Едва паланкин Уотертоунов успел скрыться из виду, как в гостиной, где я сидела перед чистым листом бумаги с пером в руке, возник чапраси. Я собиралась написать письмо Шейкеру, надеясь, что, описывая мелкие бытовые подробности, смогу успокоиться. Поправляя свой ярко-красный кушак, чапраси сообщил мне о прибытии мистера Инграма.

Перо выпало у меня из пальцев, оставив на бумаге причудливую кляксу. Неужели мистер Инграм следил за домом Уотертоунов, дожидаясь, когда я останусь одна, чтобы затем нанести визит? «Как это неприлично, — мелькнула у меня безумная мысль, — являться без предупреждения, да еще когда я одна в доме». В следующее мгновение я горько рассмеялась над собственным лицемерием. Я рассуждала точно так же, как те женщины, которых я втайне презирала. И кроме того, требовать от мистера Инграма соблюдения приличий было уже слишком поздно.

Чапраси провел мистера Инграма в гостиную; их сопровождал китматгар. Когда чапраси с поклоном вышел из комнаты, китматгар подошел к буфету и налил гостю порцию темного рома в тяжелый хрустальный стакан. Китматгар поднес его мистеру Инграму на подносе, затем склонился передо мной.

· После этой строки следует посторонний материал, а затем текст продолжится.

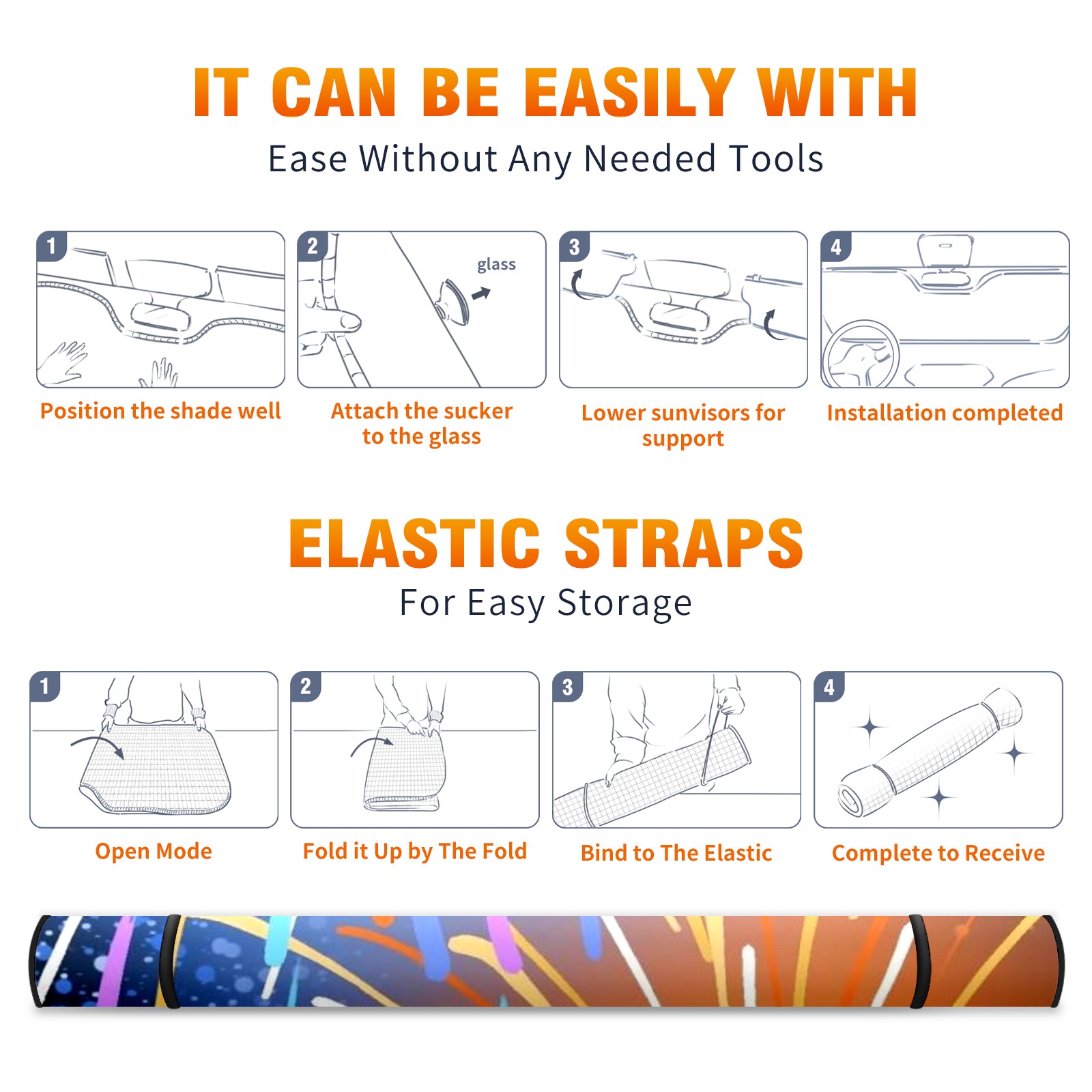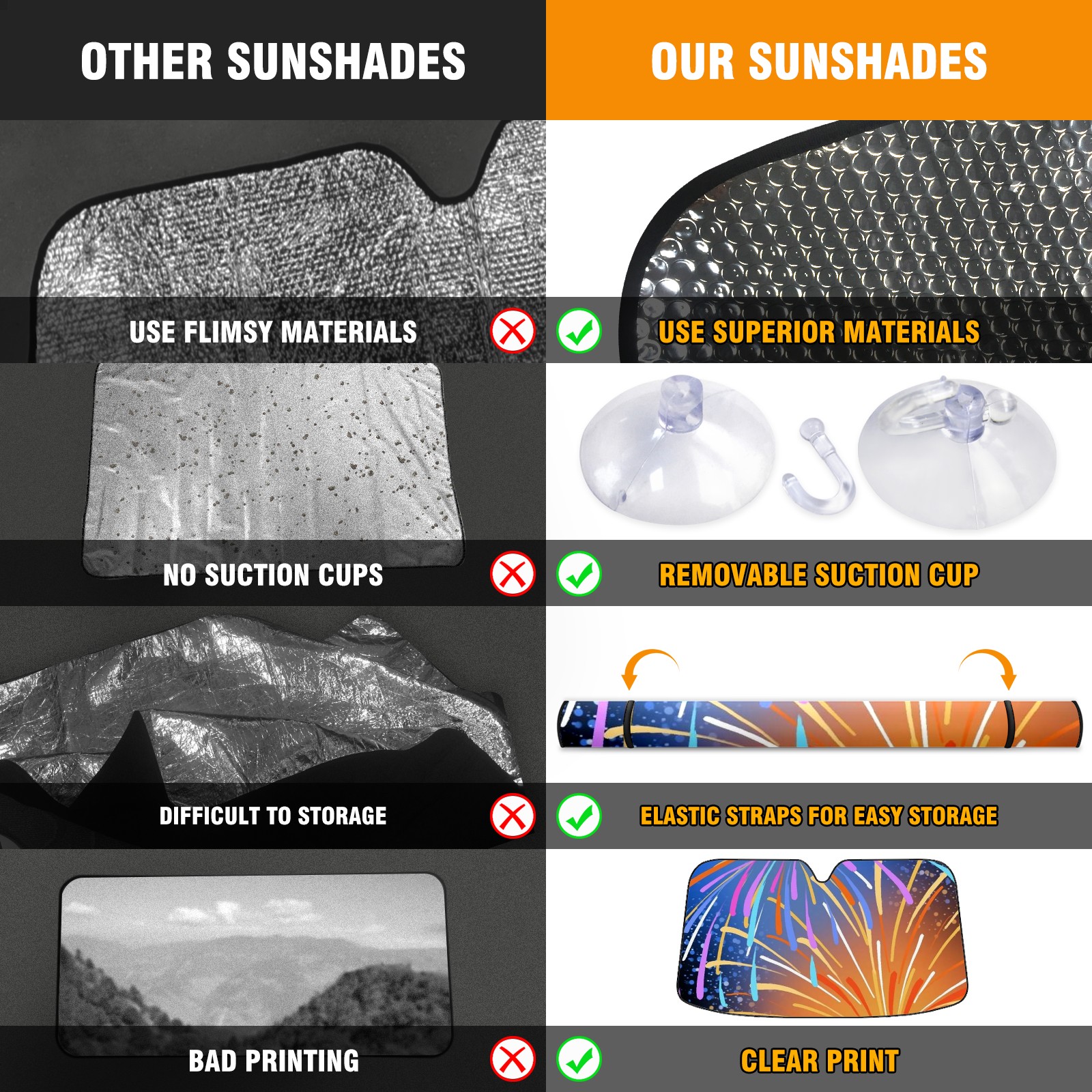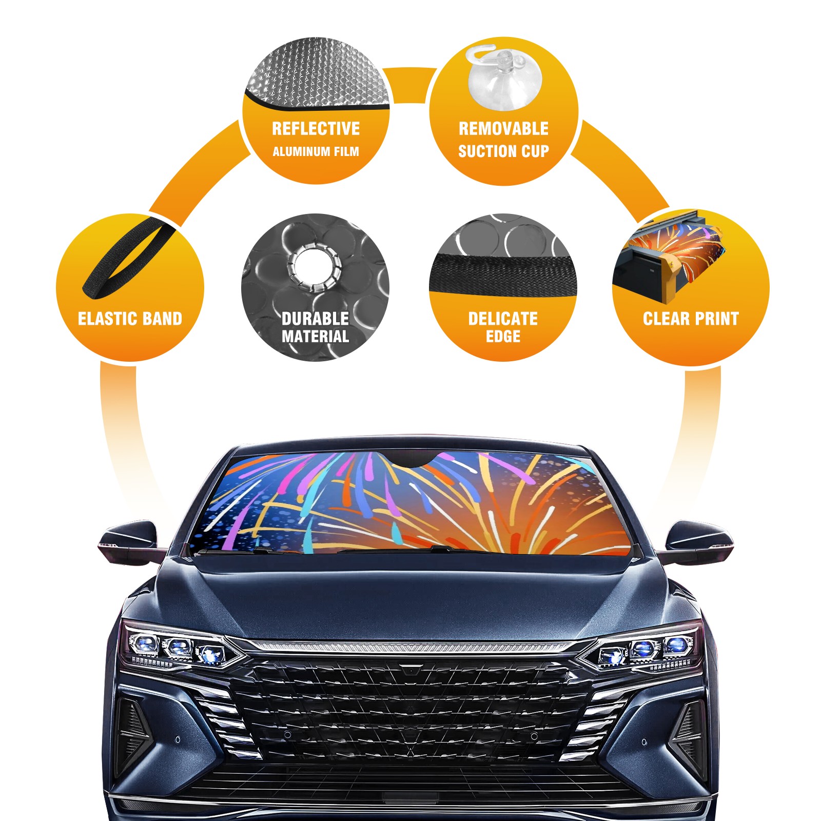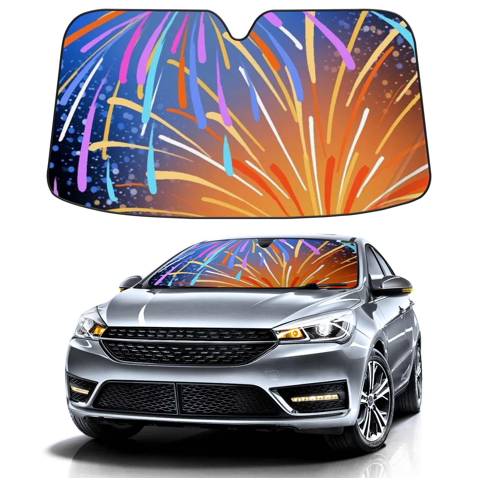 Car Windshield Sun Shade for Front Window Fireworks Foldable Vehicle Windshield Car Sun Visor Covers Automotive Window Protector Car Camping Privacy Sun Blocker

— Нет. Мне ничего не надо, — сказала я.

Китматгар снова поклонился и занял пост у буфета.

— Линни, — начал мистер Инграм, улыбаясь, после того как сделал глоток.

Его улыбка могла бы показаться простодушной, но меня не так легко было обмануть.

— Думаю, нам больше нет смысла утомлять себя всеми этими обращениями вроде «мисс Смолпис», ты согласна? Несомненно, теперь — когда я знаю, кто ты такая, — в притворстве нет нужды.

Я подошла к нему чуть ближе, ответив на его фальшивую усмешку еще более неискренней улыбкой.

— Единственное, чего я хочу, — это иметь возможность остаться здесь, и, если вы предадите огласке то, что вам известно, конечно, мне это не удастся. Вам нет никакого смысла портить мне жизнь, мистер Инграм, — сказала я, произнеся его имя с тем же нажимом, что и он мое. — Вы сохраните в тайне мой секрет, а я сохраню ваш.

По крайней мере, у меня была призрачная надежда, что я тоже могу подпортить его репутацию. Но последующие слова мистера Инграма не оставили от этой надежды и следа.

— Так значит, ты мне угрожаешь? Неужели ты думаешь, что кто-то поверит твоим россказням? Ты можешь себе представить, чтобы кто-то согласился с тем, что ты — прожив в Индии всего несколько месяцев — сможешь бросить тень на имя уважаемого во всей Калькутте человека? Все, что ты скажешь, будет расценено как месть озлобленной женщины, отвергнутой предметом ее страсти. Твои попытки напугать меня выглядят довольно жалко.

— Значит, вы уже начали свою клеветническую кампанию? Стоит ли мне готовиться к тому, что меня вышвырнут из дома Уотертоунов прямо сегодня?

Кажется, мистеру Инграму нравилось причинять мне страдания. Он, улыбаясь, покачал головой.

— Или вы воспользуетесь этой информацией, чтобы удовлетворить свою похоть, когда у вас будет подходящее настроение?! — закричала я. — Вы думаете, что можете делать со мной все, что захотите, раз уже использовали однажды, — хотя я совсем вас не помню. Однако, должно быть, вы тогда оказались не на высоте.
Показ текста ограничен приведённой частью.